Emanuele Crialese torna al cinema con un alito caldo di purezza assoluta, un'opera sospesa di "transizione", di contatti, di sensazioni vergini.

Sogni di latte scremato

Ortaggi e frutti giganteschi, generose piogge di denaro, fiumi di latte nei quali immergersi e nuotare senza paura: è l'America che abita i sogni dell'emigrante Salvatore Mancuso, la terra dell'abbondanza da raggiungere, con la benedizione di Dio, per dar corpo e respiro alle proprie speranze formato famiglia. Sicilia/New York, il vecchio e il nuovo che si scontrano, l'innocenza dell'essere uomini umili e l'arroganza di sentirsi superiori. Alle porte del mondo moderno per Salvatore e la sua gente non ci sono cartelli di benvenuto, ma nebbia e vetri orbi, attraverso i quali non è possibile vedere ciò che è oltre, la ricchezza che si arrampica sui grattacieli e arriva fin sopra le nuvole. Dopo gli ottimi risultati ottenuti in tutto il mondo con Respiro, incantevole perla sbucata dal mare di Lampedusa nel 2002, Emanuele Crialese torna al cinema con un alito caldo di purezza assoluta, un'opera sospesa di "transizione", di contatti, di sensazioni vergini, salutato a Venezia, dove è stato presentato in concorso, da un'autentica ovazione, evento ormai sempre più raro quando al Lido è di scena il cinema italiano.
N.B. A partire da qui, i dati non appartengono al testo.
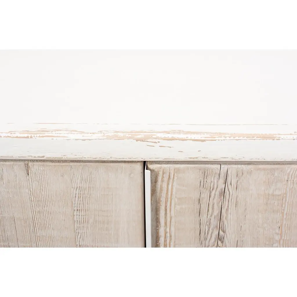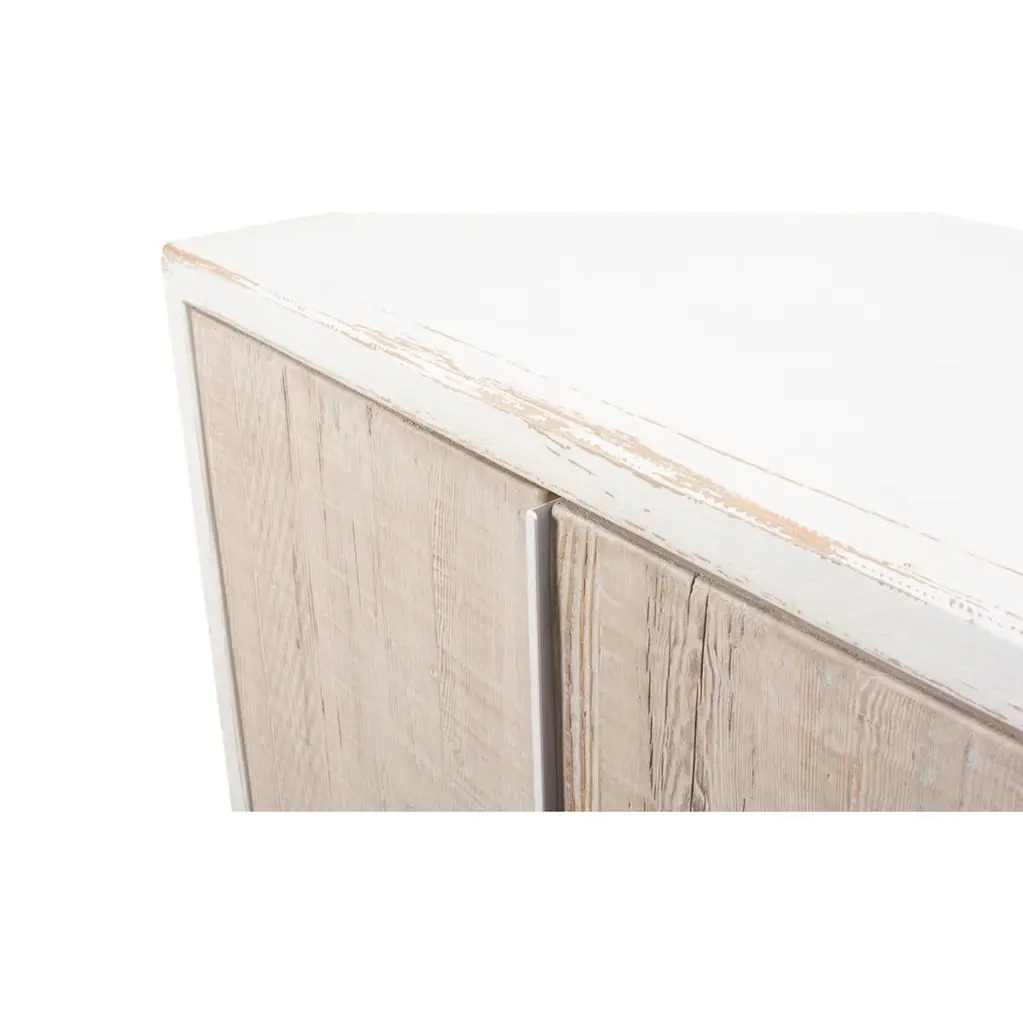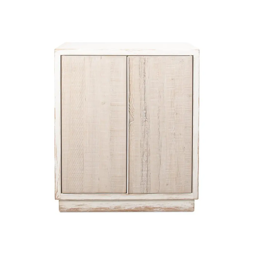 With antiqued white painted pine wood and two weathered finish doors, the interior fitted with one shelf all raised on a square plinth base.Dimensions: 32" W x 18" D x 37" H

I siciliani del '900 di Crialese lasciano una terra di rocce e rughe, che ancora si lascia calpestare a piedi nudi, sovrastata da uno spietato cielo plumbeo, dove il futuro appare lontanissimo, in un altro luogo, in un altro tempo. Niente musica in quei territori ancora primitivi, nessuna melodia nostalgica all'abbandono del proprio grembo, ma il rumore sordo del silenzio che accompagna una vita dal gusto incontaminato, immersa nella solitudine di case di pietra. Crialese fa muovere i suoi personaggi tra dubbi e incertezze, in territori rocciosi che si tuffano nel mare, per poi accompagnarli in un viaggio transoceanico verso il florido ignoto, sulla più classica delle navi della speranza, tra le ombre della stiva dove i corpi si ammassano e si confondono, senza più contorni distinguibili, quasi tramutandosi in fantasmi. Il viaggio diventa occasione di studio, tempo di scoperte, di pettegolezzi, di segreti svelati, di giochi di sguardi, ma soprattutto è preparazione alla realtà in cui si vuol mutare il sogno, e al peso insopportabile delle disillusioni di piombo.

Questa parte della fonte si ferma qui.